(Beginning of Material to process)

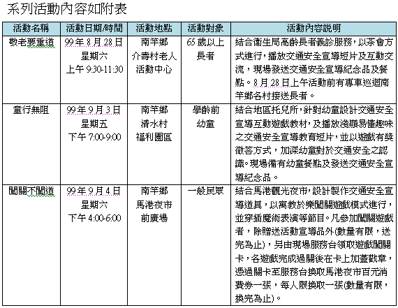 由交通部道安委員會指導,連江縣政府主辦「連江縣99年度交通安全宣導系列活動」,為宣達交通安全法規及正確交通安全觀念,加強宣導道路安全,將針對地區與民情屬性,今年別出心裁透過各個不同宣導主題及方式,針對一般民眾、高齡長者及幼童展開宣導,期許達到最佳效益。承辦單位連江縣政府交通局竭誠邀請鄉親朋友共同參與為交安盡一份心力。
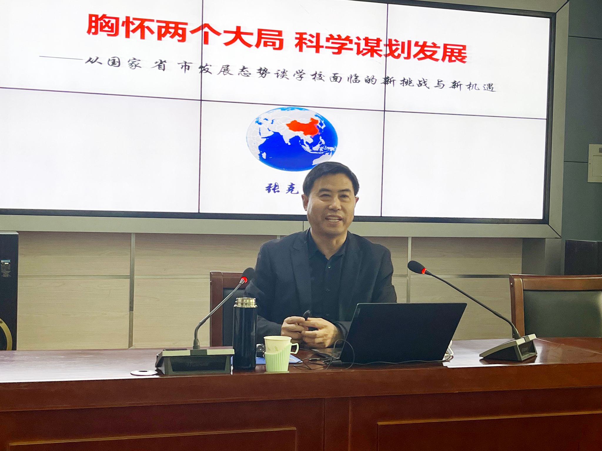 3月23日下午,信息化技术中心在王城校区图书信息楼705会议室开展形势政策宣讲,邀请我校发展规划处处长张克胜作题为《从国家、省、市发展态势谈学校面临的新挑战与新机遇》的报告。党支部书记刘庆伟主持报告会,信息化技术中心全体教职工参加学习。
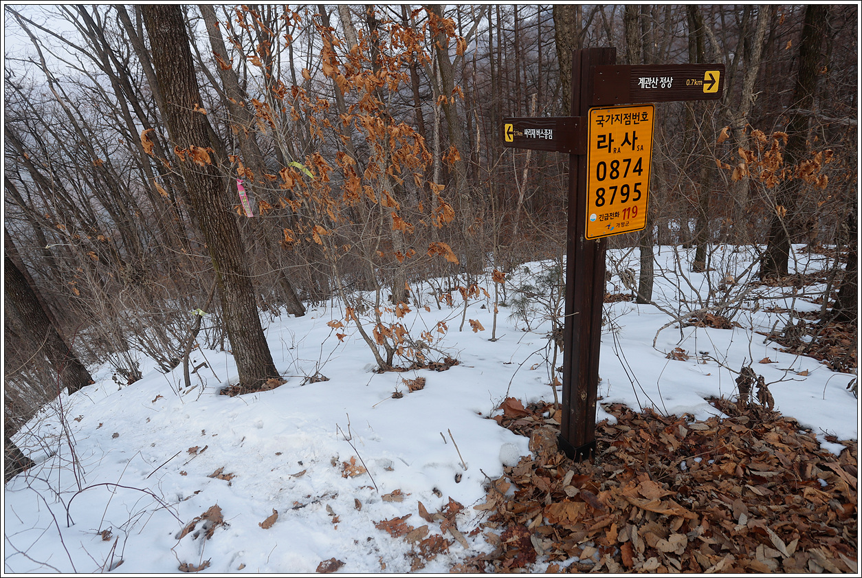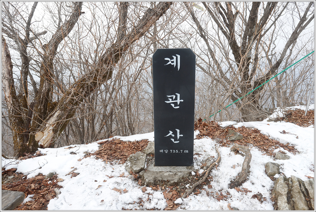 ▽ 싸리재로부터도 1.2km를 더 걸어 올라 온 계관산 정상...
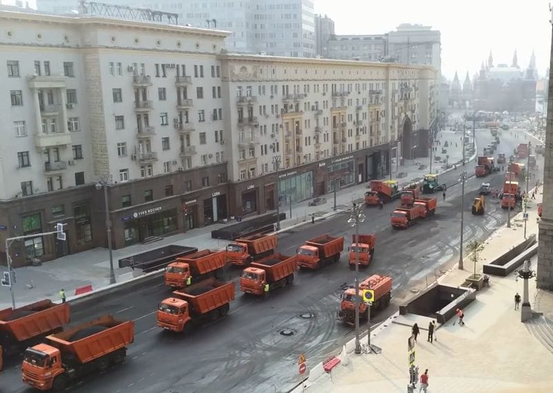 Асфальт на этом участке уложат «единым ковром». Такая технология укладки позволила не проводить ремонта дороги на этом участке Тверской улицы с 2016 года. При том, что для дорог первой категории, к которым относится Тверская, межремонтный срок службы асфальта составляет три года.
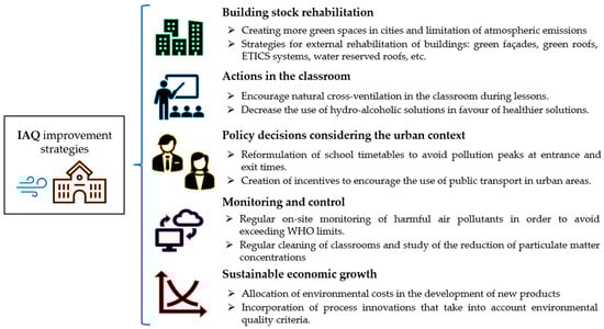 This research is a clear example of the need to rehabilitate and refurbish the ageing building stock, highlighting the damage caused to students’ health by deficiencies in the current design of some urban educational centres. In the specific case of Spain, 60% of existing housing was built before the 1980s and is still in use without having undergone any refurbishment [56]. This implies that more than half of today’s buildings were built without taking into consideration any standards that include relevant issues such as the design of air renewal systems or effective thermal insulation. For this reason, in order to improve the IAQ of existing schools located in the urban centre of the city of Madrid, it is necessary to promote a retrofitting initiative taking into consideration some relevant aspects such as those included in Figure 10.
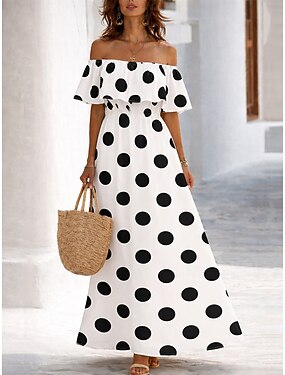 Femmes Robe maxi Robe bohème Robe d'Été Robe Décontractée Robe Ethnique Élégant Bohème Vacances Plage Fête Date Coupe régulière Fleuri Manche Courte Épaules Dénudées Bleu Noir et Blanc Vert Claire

(End of Material to process)
(Beginning of Material to process)

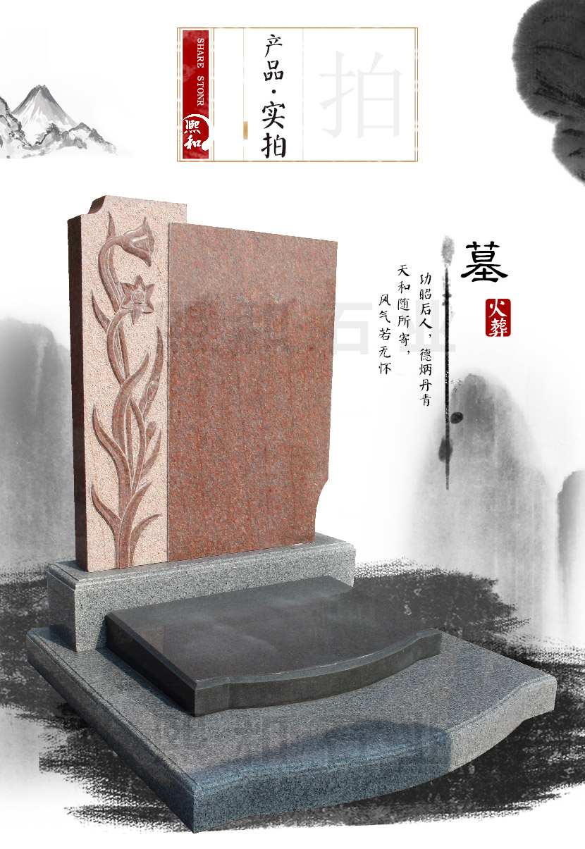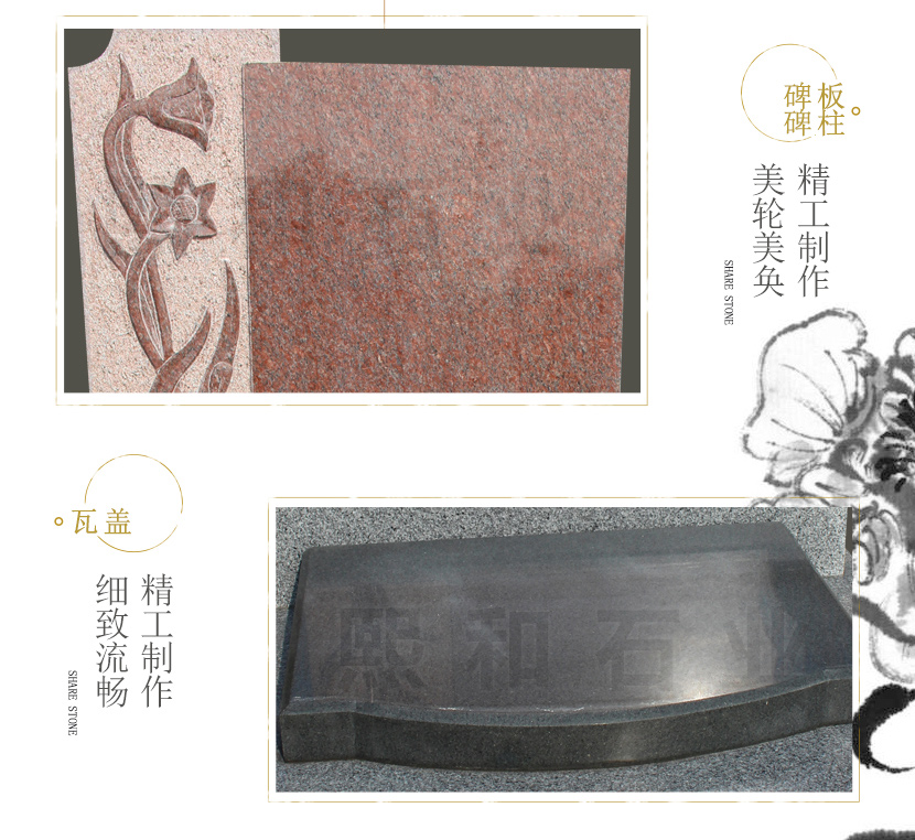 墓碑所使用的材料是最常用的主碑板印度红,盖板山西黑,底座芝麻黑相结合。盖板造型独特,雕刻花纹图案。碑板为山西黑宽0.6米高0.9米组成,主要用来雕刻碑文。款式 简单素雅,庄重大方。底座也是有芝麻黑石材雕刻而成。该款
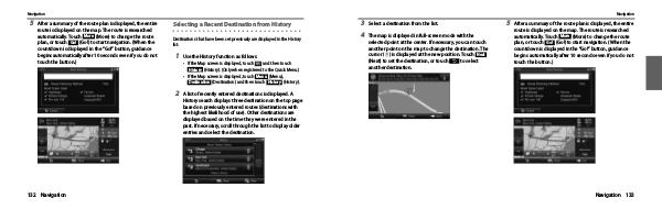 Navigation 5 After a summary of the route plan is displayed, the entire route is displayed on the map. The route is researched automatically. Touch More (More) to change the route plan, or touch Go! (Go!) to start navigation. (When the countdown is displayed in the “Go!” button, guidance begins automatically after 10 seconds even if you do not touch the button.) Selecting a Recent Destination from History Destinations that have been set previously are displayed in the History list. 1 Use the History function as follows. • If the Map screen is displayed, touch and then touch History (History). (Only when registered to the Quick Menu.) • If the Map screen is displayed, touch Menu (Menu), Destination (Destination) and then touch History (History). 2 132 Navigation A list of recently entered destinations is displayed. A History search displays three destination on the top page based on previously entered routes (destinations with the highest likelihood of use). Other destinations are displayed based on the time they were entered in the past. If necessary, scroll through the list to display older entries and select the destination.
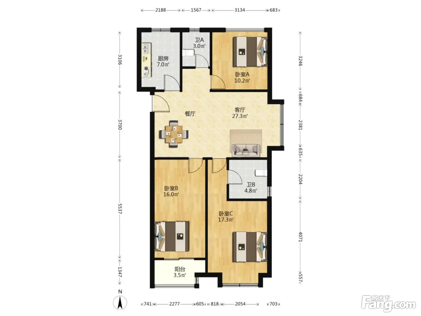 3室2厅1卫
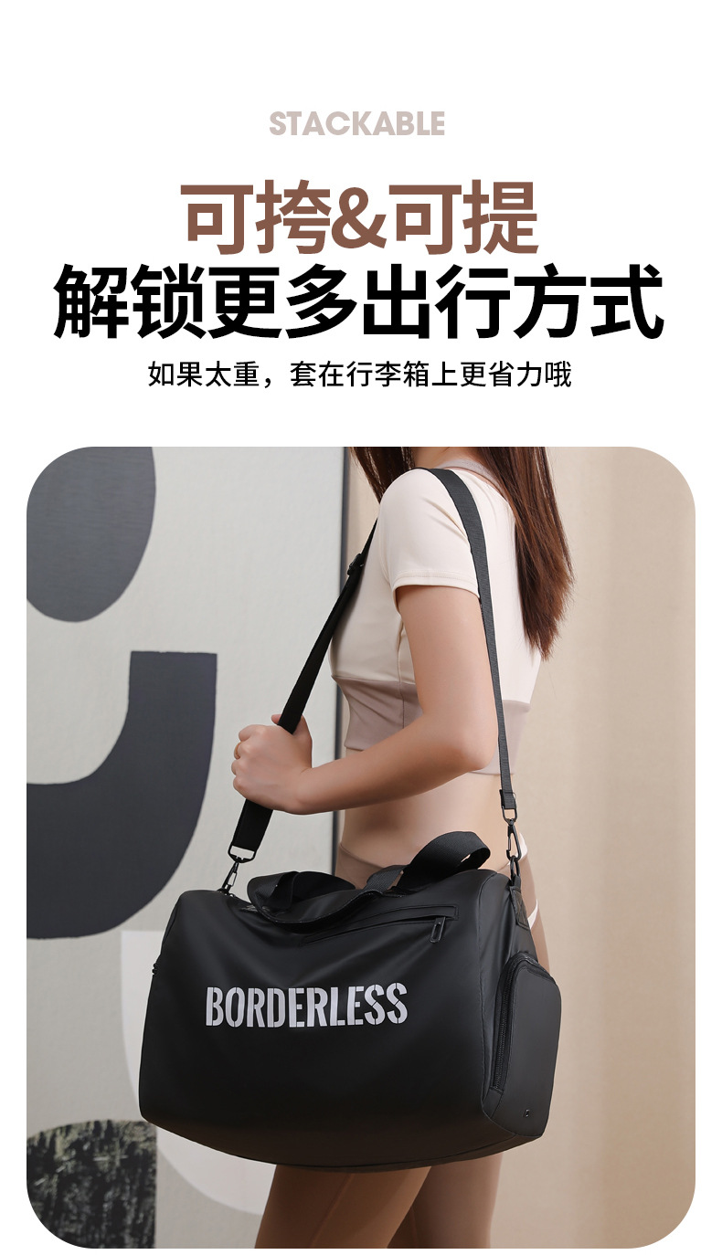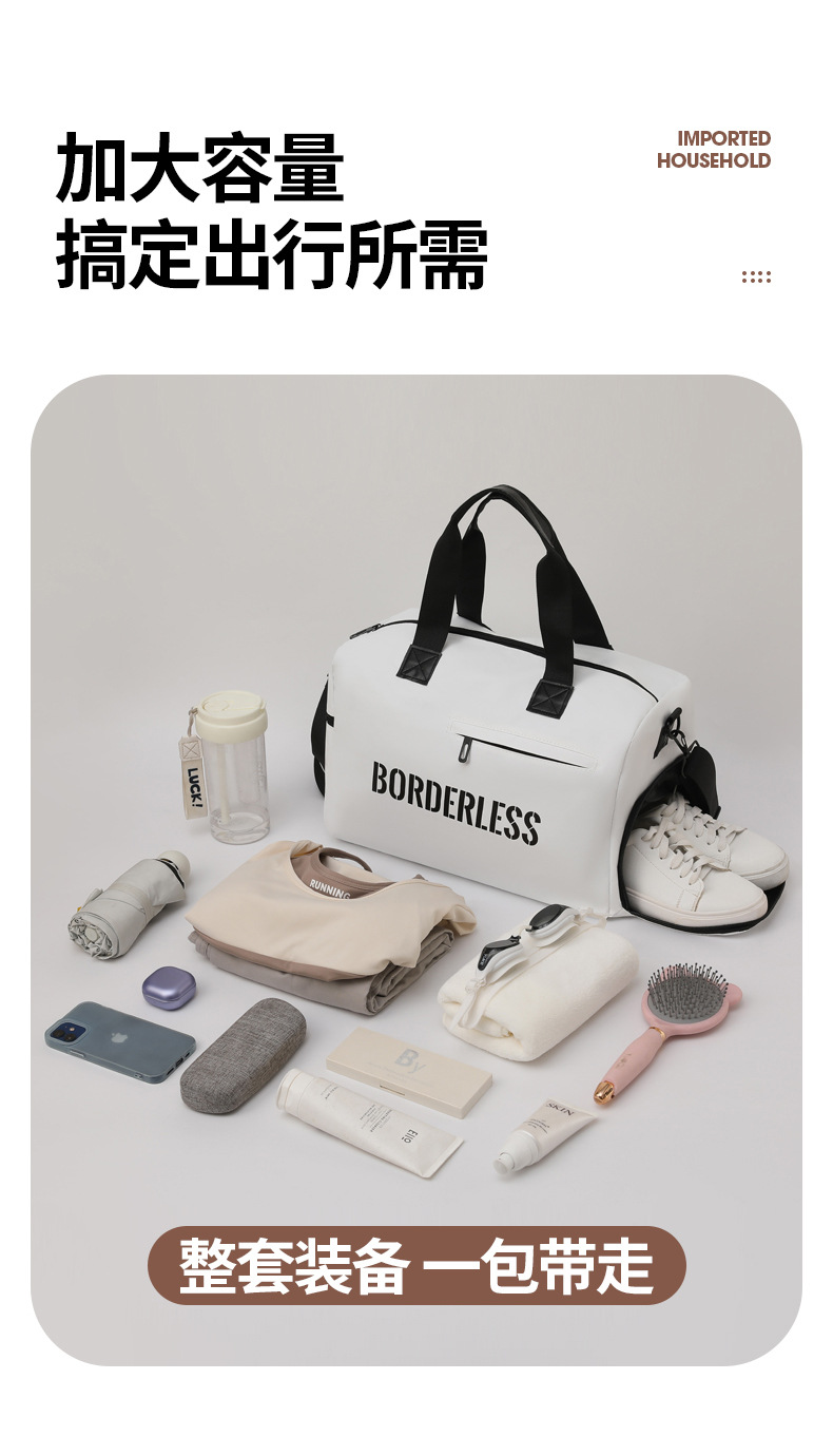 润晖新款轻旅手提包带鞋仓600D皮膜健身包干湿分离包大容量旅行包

(End of Material to process)

## What the task asks:
Above are some entries. Restate word for word the lines from the one holding "3月23日下午,信息化技术中" through the one holding "Асфальт на этом", but not the pictures.

## Result of this task:
 3月23日下午,信息化技术中心在王城校区图书信息楼705会议室开展形势政策宣讲,邀请我校发展规划处处长张克胜作题为《从国家、省、市发展态势谈学校面临的新挑战与新机遇》的报告。党支部书记刘庆伟主持报告会,信息化技术中心全体教职工参加学习。
 ▽ 싸리재로부터도 1.2km를 더 걸어 올라 온 계관산 정상...
 Асфальт на этом участке уложат «единым ковром». Такая технология укладки позволила не проводить ремонта дороги на этом участке Тверской улицы с 2016 года. При том, что для дорог первой категории, к которым относится Тверская, межремонтный срок службы асфальта составляет три года.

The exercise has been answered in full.